Friday, April 27
• Keep an eye on the changing pattern of Venus, Aldebaran, and the Pleiades in late twilight. Every day the stars slide a little farther to the lower right, while Venus stays at nearly the same altitude (as seen from the world's mid-northern latitudes).
• On the opposite side of the sky, look below the bright Moon for Spica. Jupiter rises far to their lower left.
Saturday, April 28
• Now Spica shines to the right of the Moon during evening. Jupiter rises in twilight, to the Moon's lower left.
Sunday, April 29
• The full Moon shines above Jupiter after dark. They may look like companions, but Jupiter is 1,700 times farther away. It's currently 27 light-minutes distant, compared to the Moon's 1.3 light-seconds.
Monday, April 30
• Now Jupiter shines to the right or upper right of the Moon after nightfall.
Tuesday, May 1
• May has sprung, but wintry Sirius still twinkles very low in the west-southwest toward the end of twilight — far to the left of much brighter Venus. How much longer into the spring can you keep Sirius in view? In other words, what will be its date of "heliacal setting" as seen by you?
Wednesday, May 2
• Arcturus is the brightest star high in the east these evenings. Spica shines about three fists at arm's length to its lower right. To the right of Spica by half that distance is the distinctive four-star constellation of Corvus, the Crow.

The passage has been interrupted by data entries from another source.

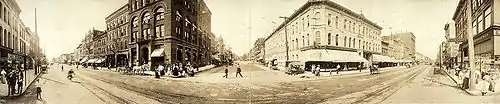 Panoramic view of Second and Harrison Streets, 1907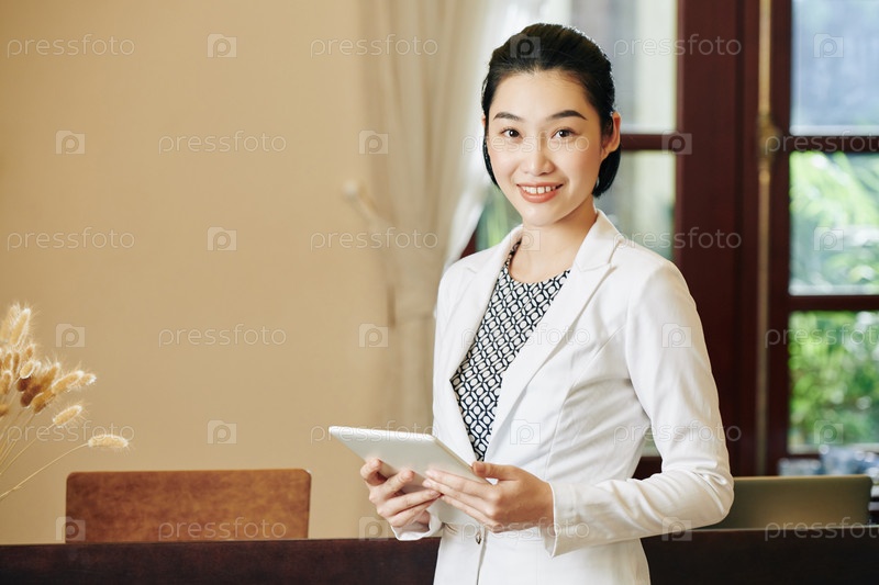 Рецепционера с цифровым планшетом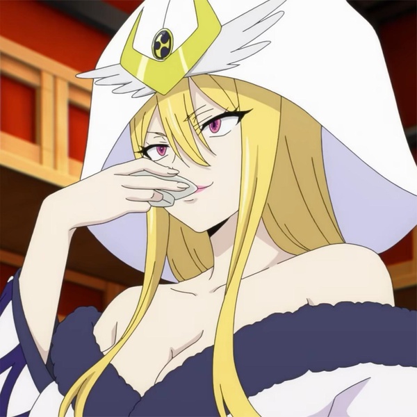 穿著一件露出鎖骨,毛皮領껙低胸的性感式和服,和服上놋著淡紫色的花紋,頭上戴著一個兜帽,裝飾著一個新月頭飾。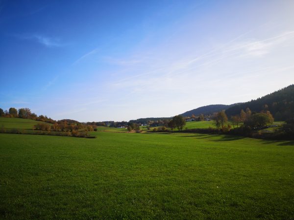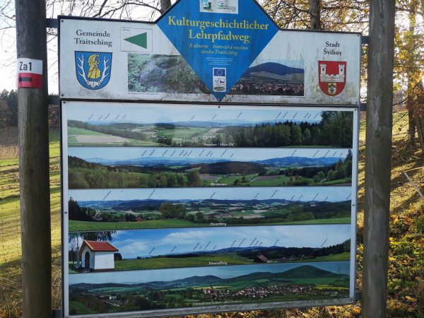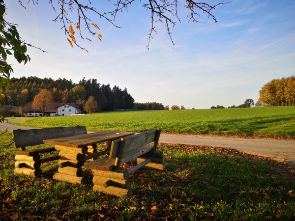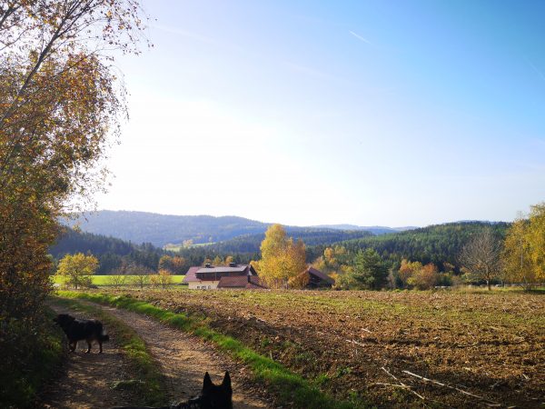 Nach einem kurzen Stück an der Hauptstraße biegen wir auf einen kleinen Weg ab, um eine Koppel herum. An einem Pausenplatz steht hier eine Infotafel über den Bayerischen Wald. Dann geht es über einen schmalen und wurzeligen Weg weiter Richtung Birnbrunn. Hier gäbe es auch die Möglichkeit einzukehren. Wir sind leider schon spät dran und machen uns lieber auf den Rückweg, über Nasting, Kagerhof und Kühberg und Harrling zurück nach Zandt.
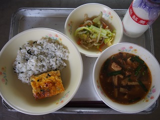 今日は、ビビンバでした。ビビンバは、韓国料理の一つです。同じくわかめスープも韓国でよく食べられる料理です。ちなみに韓国では、わかめスープは、誕生日などのお祝い事のときによく食べられる料理だそうですよ。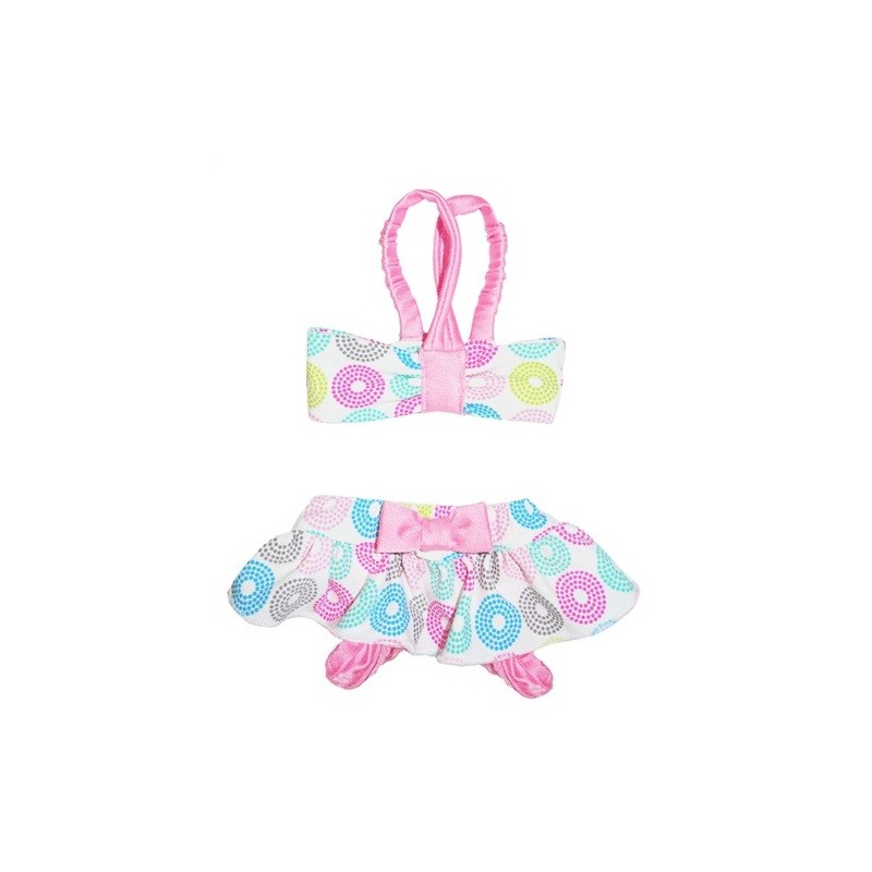 Costume da bagno rosa a stampa retro ha spalline elastiche e chiusura a velcro con i dettagli di nastrini nella parte inferiore. Realizzato in 95% poliestere, 5% elastan.!
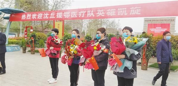 据了解,沈丘县4名援鄂医护人员分别是县中医院心病科主任、副主任医师高艳艳,县人民医院神经内科护士长范爱华、内分泌科护士长刘依雯、护士马鑫。在武汉支援的30多个日夜里,4名医护人员与来自全国各地的医护人员一道,坚守在疫情防控第一线、战斗在抗击病毒最前沿,与时间赛跑、与病魔较量,以崇高的医德、精湛的医术、过硬的作风,筑起了一道坚不可摧的防疫“堤坝”,出色完成了救治任务,为夺取武汉保卫战、湖北保卫战的胜利作出了积极贡献。②8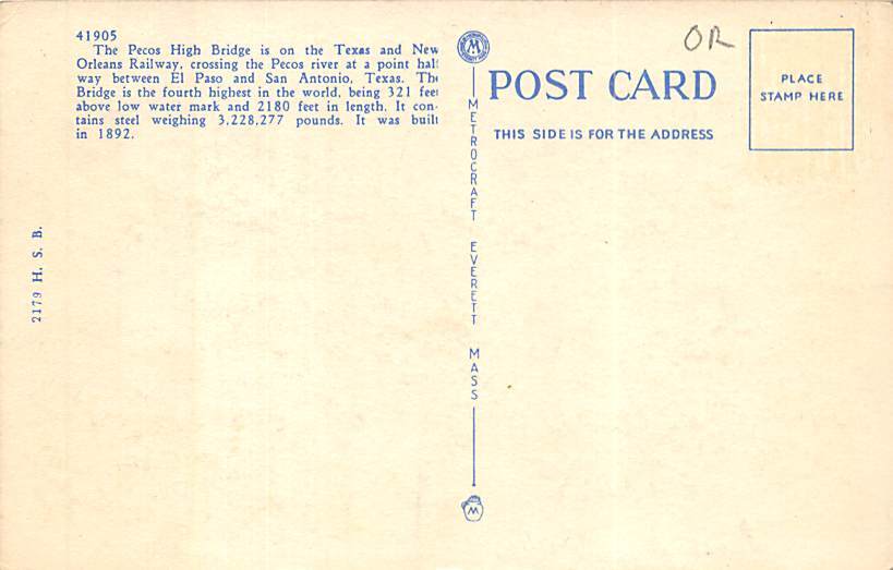 Pecos High Bridge Postal Date: View Images Grade: 1 Size: Regular Size Postcard - approximately 3 1/2 inch x 5 1/2 inch (9 CM x 14 CM) Grading Scale: Grade 1 = Perfect corners Grade 2 = Very Minimal corner wea ... Read More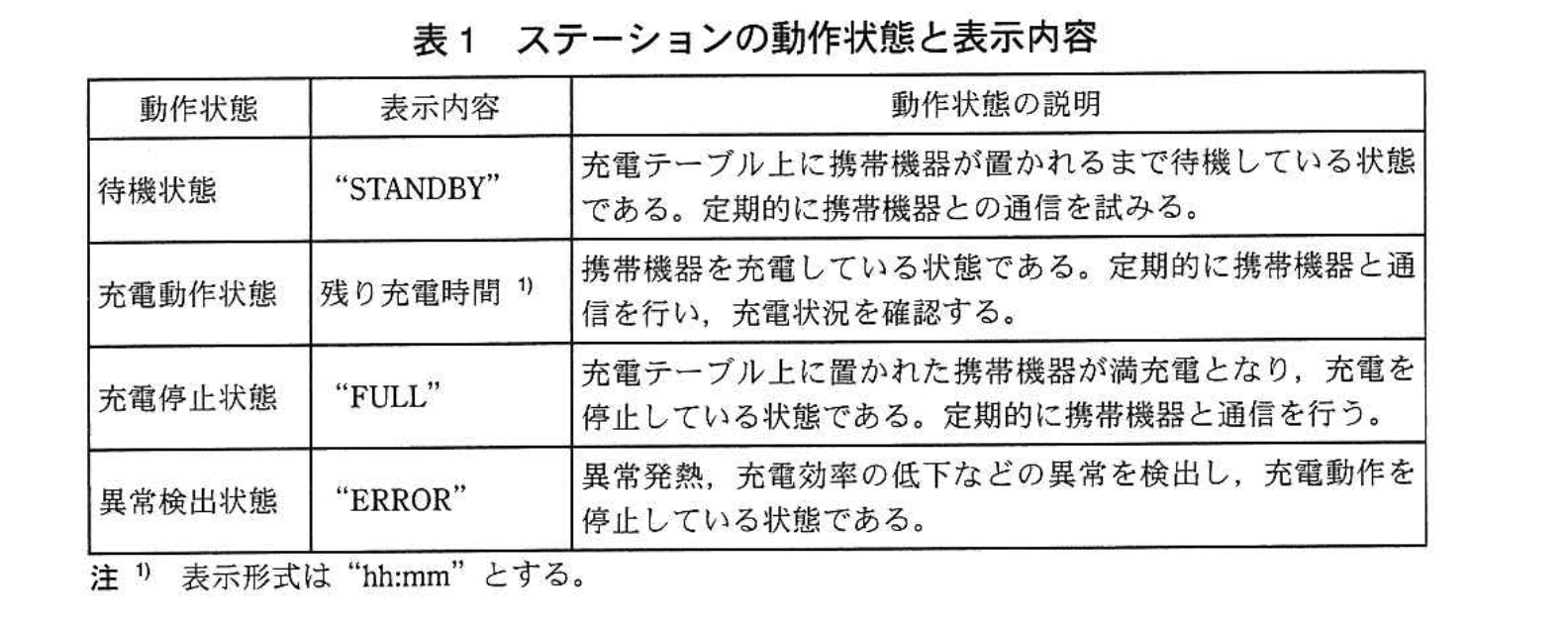 - 【問題文】の通り、メインタスクでは①条件で“STANDBY”を表示するかどうかを決めています。待機中とは「充電テーブル上に携帯機器が置かれるまで待機している状態」(表1「待機状態」の説明)です。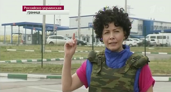 © Первый канал 9 июля в сюжете из приграничной зоны Юлия Чумакова берет несколько комментариев у своих иностранных коллег, которые приехали поговорить с украинскими беженцами. Чумакова отмечает при этом, что многие журналисты тщательно подбирали слова, кто-то говорить отказывался, а «CNN перед ответом на вопрос просили аккредитацию». «О чем они расскажут своим зрителям?» — задается вопросом Чумакова. Беженцы говорят иностранцам, что ненавидят семью Порошенко, и предлагают Псаки провериться у психиатра.

Far below Arcturus and Spica, Jupiter glares.
Thursday, May 3
• These spring nights, the long, dim sea serpent Hydra snakes level far across the southern sky. Find his head, a rather dim asterism about the width of your thumb at arm's length, in the southwest. (It's lower right of Regulus by about two fists at arm's length. Also, a line from Castor through Pollux points to it about 2½ fists away.) Lower left of this is Hydra's heart, orange Alphard. Hydra's tail stretches all the way to Libra in the southeast. Hydra's actual star pattern, from forehead to tail-tip, is 95° long.
• Now that the Moon is gone from the sky after dark, try for the Ghost of Jupiter planetary nebula, magnitude 7.7, in mid-Hydra (NGC 3242). At that brightness it's a potential binocular target about as easy or difficult as Neptune; it's so tiny that at low power it's easily mistaken for a star. Use Matt Wedel's Binocular Highlight article and chart in the May Sky & Telescope, page 43.
In a telescope at medium or high power, it does looks sort of like Jupiter's weak ghost dimly haunting the dark.
• Back at the real Jupiter, Europa slips into eclipse by Jupiter's shadow around 11:55 p.m. EDT. A telescope will show Europa gradually disappearing barely off Jupiter's western edge — since the planet is barely 5 days before opposition.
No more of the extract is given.